Among the most devastating complications is Stevens Johnson Syndrome (SJS), an skin condition that causes red or purple skin lesions that causes the skin to later peel off.

If you are taking Dilantin or other medication, this article will help to explain what to expect with a Stevens Johnson Syndrome prognosis.

Stevens Johnson Syndrome Prognosis

SJS Syndrome is a rare allergic reaction to a medication such as Dilantin.  Dilantin has been linked to Stevens Johnson Syndrome on multiple occasions, and is one of the commonly associated drugs with this condition. Often, patients experience flu-like symptoms and seek antibiotics to treat the flu, not knowing the condition will worsen.

SJS causes the skin to appear as though it is melting off the patient, which exposes inner tissue and muscle to the possibility of infection.  Stevens Johnson Syndrome prognosis typically progresses into major life threatening conditions that require hospitalization.

It is important to note that SJS syndrome is specifically caused by an adverse reaction to one or more medications, and will occur within the first two to eight weeks of starting the medication.

The first stage in the Stevens Johnson Syndrome prognosis include flu-like symptoms, like nausea and fever. After a week of these symptoms, red or purple skin lesions will appear and cause the patient’s skin to peel off in sheet.

At this time, patients often realize that the don’t just have the flu and are often times hospitalized due to the severity of their SJS syndrome. Due to the nature of SJS Syndrome, patients are often treated in the burn units of hospitals and require skin grafts.

While receiving treatment, patients often need assistance in eating and fluid retention and need to be monitored constantly for worsening conditions. SJS Syndrome is potentially fatal as this condition can inflict organ damage, permanent skin damage, and vision damage.

Due to how quickly the severity of Stevens Johnson Syndrome prognosis progresses, patients who start experiencing adverse side effects after taking a medication such as Dilantin should talk to their physicians as quickly as possible.
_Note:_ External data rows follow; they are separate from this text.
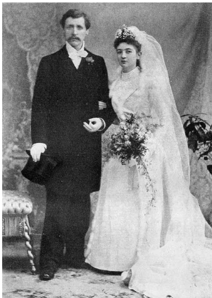
Bruidspaar, 4 januari 1900. Uit: J. Kloos-Reyneke van Stuwe, Het menselijke beeld van Willem Kloos. Lochem, 1947.

Hartstocht verscheen in de verlovingsperiode van Jeanne Reyneke van Stuwe en Willem Kloos. Na een korte correspondentie kwam het tot een eerste ontmoeting begin april 1899. Tijdens dat samenzijn vroeg Kloos haar ten huwelijk en Reyneke van Stuwe stemde toe. Wegens uiteenlopende woonplaatsen – hij in Bussum, zij in Den Haag – ontstond een correspondentie. Binnen enkele maanden las de nieuwbakken verloofde hoe zijn aanstaande over zelfbeheersing van fysieke hartstocht dacht. Kloos kwam er herhaaldelijk op terug in zijn brieven, direct en indirect. Op 26 april 1899 schreef hij: ‘Ik ben heelemaal niet bruut of een geweldenaar, zooals zooveel mannen zijn, en waar jij, geloof ik, het land aan hebt, en toch ben ik sterk en inwendig-hartstochtelijk.’ 10 Daarna kwalificeerde hij zichzelf als ‘gevoeliger en teer-begrijpender dan de meeste mannen zijn’, waardoor hij juist goed bij haar paste. 11 Op 15 juni 1899 meende hij dat zij ‘een beetje antipathie tegen den omgang met een man’ bezat (vermoedelijk bedoelde Kloos daarmee een fysieke omgang) omdat de meeste mannen ‘betrekkelijk-grove potentaten’ waren. Hij stelde haar gerust met: ‘Maar nu ben ik door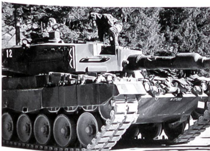
Emsige Bereitstellung unter erschwerten Bedingungen.

Inzwischen nehme ich die Funktion des Kp Kdt-Stellvertreters wahr, eine ebenso fordernde Aufgabe wie das Führen eines Zuges.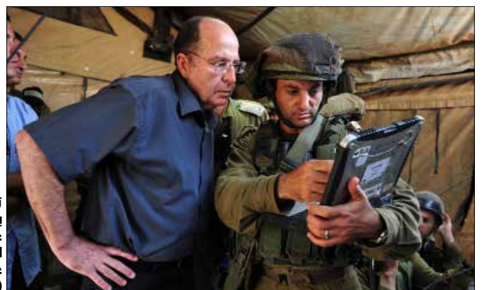
تحفظ بعلون بشدة على تخفيف الحصار البحري على غزة (الرسالة)

المقاومة، وهو أمر عبّر عنه قادتها في أكثر من مناسبة، بمن فيهم وزير الأمن موشيه بعلون. إلى ذلك، يحضر العامل الروسي في خلفية مواقف تل أبيب وأنقرة، بعدما بات جزءاً لا يتجزأ من المعادلة الإقليمية على المستويين السياسي وتوازنات القوى. فمن جهة، تحاول تل أبيب احتواء مفاعيل التدخل الروسي عبر نسج عمليات تنسيق بين الجيشين بحول دون اصطدام كل منهما بالآخر، وبما يسمح لإسرائيلي بمواصلة استهدافاته لعمليات نقل الأسلحة النوعية إلى حزب الله من سوريا وعبرها. وفي

Dilantin Stevens Johnson Syndrome

SJS is an allergic reaction specifically caused by medication, but it is unknown what medications trigger this condition or which patients it may occur in.

Steven Johnson syndrome is an extremely rare condition, with less than a 1,000 cases diagnosed per year in the United States, and many physicians are unaware of the initial SJS syndrome symptoms. Additionally, because SJS Syndrome is rare, many drug companies omit warnings of the reaction from their labels.

A number of Dilantin SJS lawsuits have been filed against manufacturer Pfizer as result, alleging product liability charges. Dilantin was approved by the FDA in 1953, to treat grand mal seizures and a number of other epileptic conditions.

But ever since its approval, Stevens Johnson Syndrome has been diagnosed in numerous patients. Dilantin has been named as the primary causes of SJS, in at least 100 different lawsuits alleging Stevens Johnson Syndrome or Toxic Epidermal Necrolysis (TEN).

In one example from October 2010, a Dilantin SJS lawsuit was filed against Pfizer and generic Dilantin manufacturers Mylan Pharmaceuticals and Baxter Pharmaceuticals. The lawsuit alleged that nine-year-old patient, Jesse J. died after taking Dilantin for less than a month. The Dilantin SJS lawsuit was settled for $3.78 million from Pfizer.